Amid a rare drop in sales, Wingstop pulls some growth levers

Wingstop saw traffic drop in the second quarter as inflation rose. / Photography: Shutterstock

Something unusual happened at Wingstop in the second quarter: its same-store sales, which have been positive on an annual basis for 18 consecutive years, declined.

The chicken wing chain’s domestic comps of 1,858 units fell 3.3% in the period ended June 25, which executives attributed to a “perfect storm” of factors, including difficult comparisons with last year as well as rising gasoline prices and other inflations that have depressed consumer activity.

“We’ve clearly seen a decline in frequency, especially with this low-income consumer,” CEO Michael Skipworth said on a call with analysts Thursday.

And yet, the chain believes it can continue its growth streak this year with a handful of strategic moves designed to drive traffic in the second half.

The chain is expanding its relationship with delivery provider Uber Eats nationwide, for example, which it hopes to attract new customers.
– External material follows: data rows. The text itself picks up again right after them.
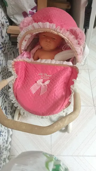 Cochecito de muñecas de estilo clásico, para muñecas reborn. Su altura lo hace muy cómodo de usar. - Color verde claro con detalles en rosa. - Incluye capota,sombrilla,bolso almohada, y cesta. - Diseño vintage. Lo vendo porque mi hija lo sacó dos veces es que está impecable Costó 160€ en Bustamante podéis comprobarlo
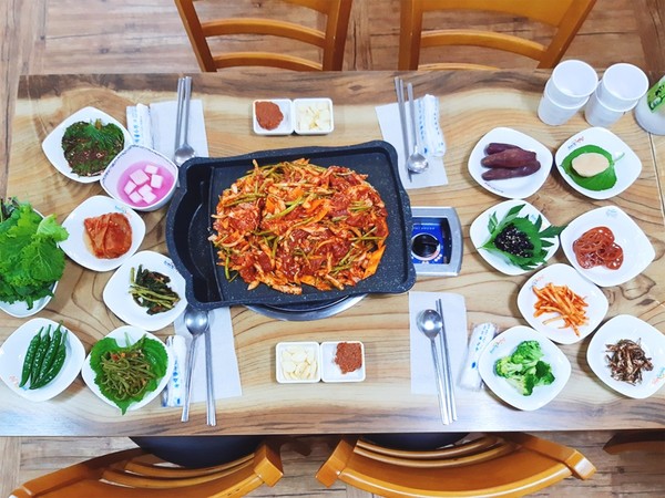 점심에는 부담 없는 돼지주물럭이 인기다. 역시나 싱싱한 재료와 자꾸 당기는 양념 맛으로 손님들 입맛을 사로잡았다. 복날에 빠지지 않는 삼계탕 외에도 오리탕, 오리로스, 묵은지닭볶음탕 등 남녀노소 누구나 즐길 수 있는 닭·오리고기 요리로 가득하다.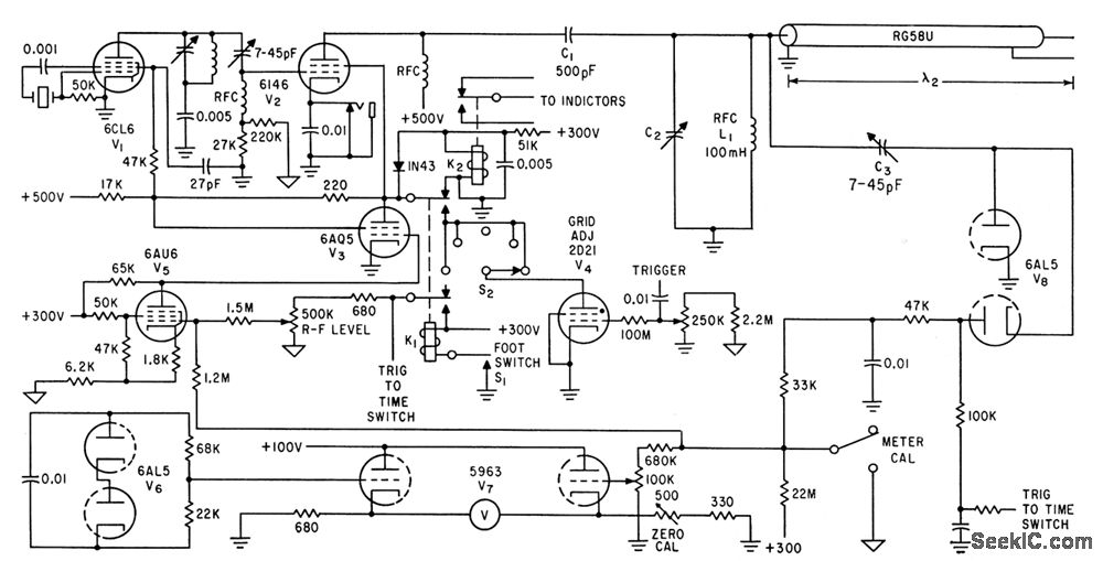 Applies r-f energy to spot-weld retina back to original position by creating small burn scars. Crystal-controlled electron-coupled oscillator drives class C power amplifier V2. Sample of output is taken through C3, detected in V8, and applied to grid of V5, which amplifies out put changes and applies them to grid of clamp tube V3 to restore output of V2 to desired level .-O. Rick ,Jr. and R.V. Hill, R-F Spot Welder Reattaches Retina of Human Eye, Electronics, 34:32, p 160-163.

Until recently, Wingstop was only listed on DoorDash.

It’s about two weeks into the new partnership, and the results have been “at or above our expectations,” Skipworth said. “It’s without really any advertising support on our presence on Uber’s platform.”

In another milestone, Wingstop will begin serving chicken sandwiches nationwide after testing in four markets yielded encouraging results. The range of 11 sandwich options, deployed in 60 restaurants in Mayrecorded a sales mix of 4% and was “strongly incremental” for sales, Skipworth said.
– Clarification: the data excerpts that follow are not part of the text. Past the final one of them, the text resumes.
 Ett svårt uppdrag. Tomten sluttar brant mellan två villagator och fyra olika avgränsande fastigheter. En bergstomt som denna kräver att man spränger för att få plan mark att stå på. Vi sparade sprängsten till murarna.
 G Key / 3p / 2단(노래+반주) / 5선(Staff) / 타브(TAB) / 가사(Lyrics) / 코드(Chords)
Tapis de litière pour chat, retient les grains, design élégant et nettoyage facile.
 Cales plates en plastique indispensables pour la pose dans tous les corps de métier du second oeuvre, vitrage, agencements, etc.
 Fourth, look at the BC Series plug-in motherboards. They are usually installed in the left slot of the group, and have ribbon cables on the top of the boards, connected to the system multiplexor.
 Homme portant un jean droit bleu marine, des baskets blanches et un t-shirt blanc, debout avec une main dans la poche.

The chain also has dry powder in its advertising budget to further boost sales.

“We know that each of these levers will lead to transaction growth, Skipworth said, adding that the channel had been “thoughtful” in deciding when to pull them.
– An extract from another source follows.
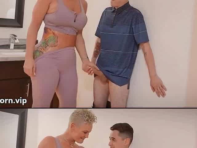 Stepmom wakes up to stepson s hard cock, he helps MILF cum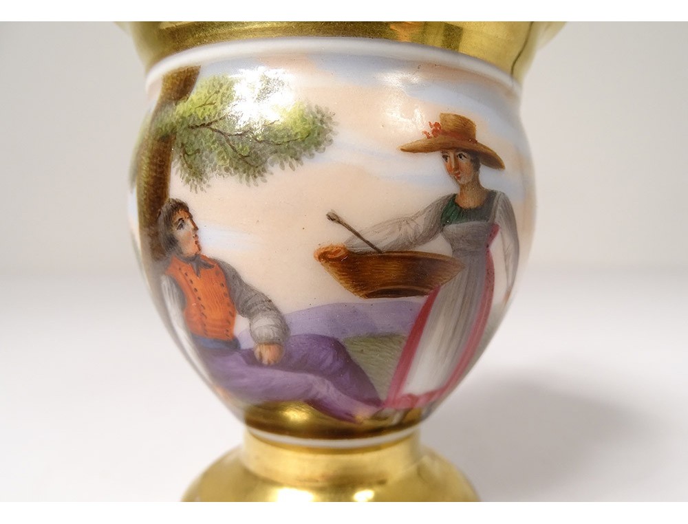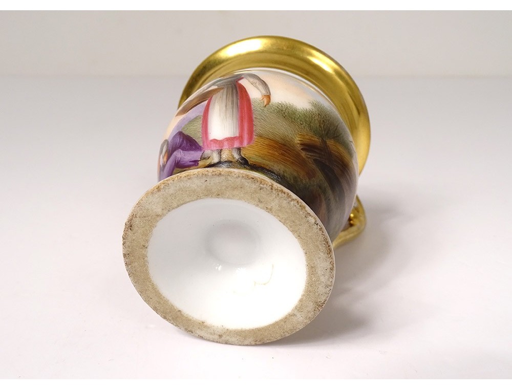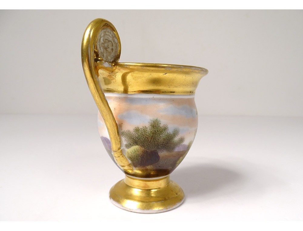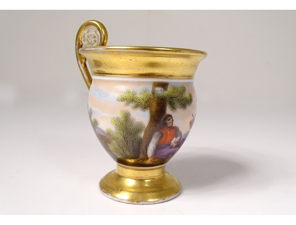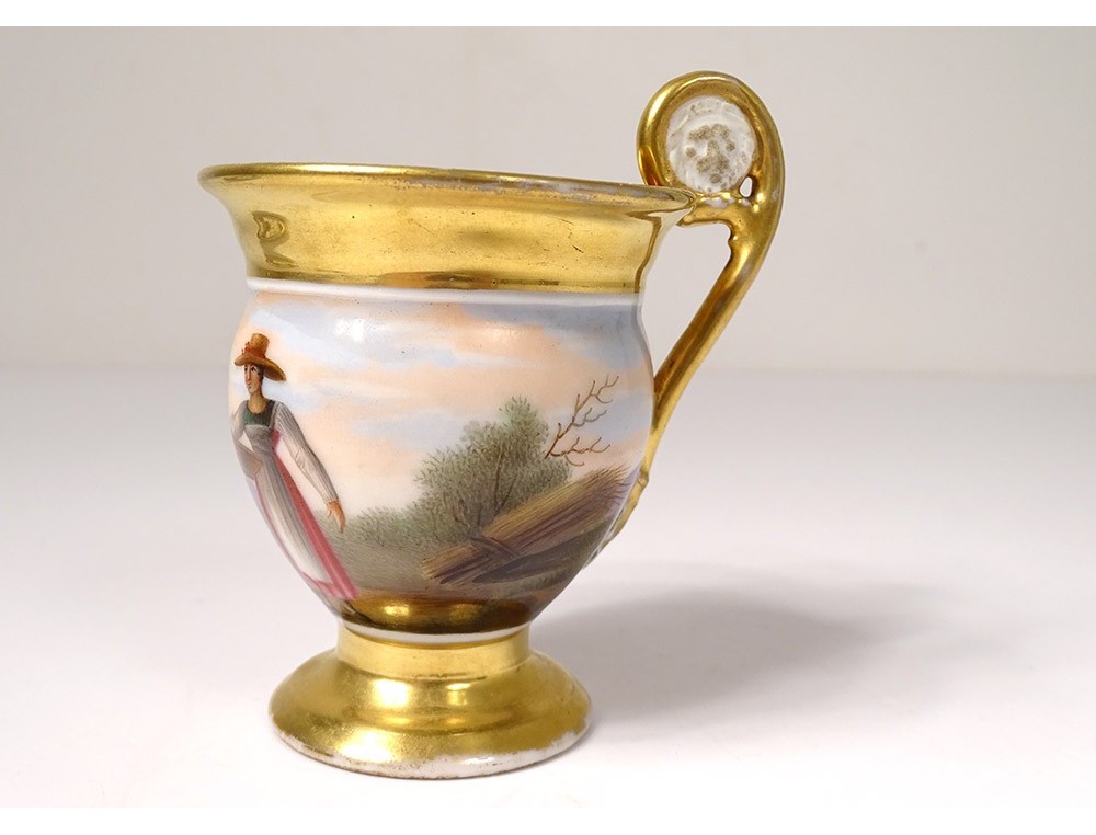 Cup and saucer in polychrome Paris porcelain enhanced with gilding, decorated with landscapes and characters, from the 19th century Restoration period.

With that, he reiterated his expectation of low-single-digit same-store sales growth for the full year.

And even though its sales have plummeted, the chain continues to boast a unique competitive advantage in terms of bottom line: While food costs at nearly every restaurant are rising, Wingstop’s are falling.

Bone-in chicken wing prices in the quarter fell 18.8% year-over-year, the chain said, and it forecast an 800 basis point improvement in food costs from the second semester 2021.

“Wingstop is a year ahead of other brands” on commodity inflation, Skipworth said. “We are experiencing significant deflation in our business as the price of wings has normalized from unusually high levels in 2021.”

Net income for the quarter increased 17.6% to $13.3 million from a year ago. Cost of sales increased slightly from $14.2 million to $14.9 million due to higher labor costs and other expenses associated with the opening of six restaurants At New York.

The chain believes its commodity advantage, combined with a new set of sales engines, has set it up for a strong remainder of the year. Investors seemed to agree: Wingstop shares jumped more than 28% midday Thursday.

“It really puts us in a place that I think really highlights Wingstop’s unique history,” Skipworth said. “We are very excited about the second half of the year.”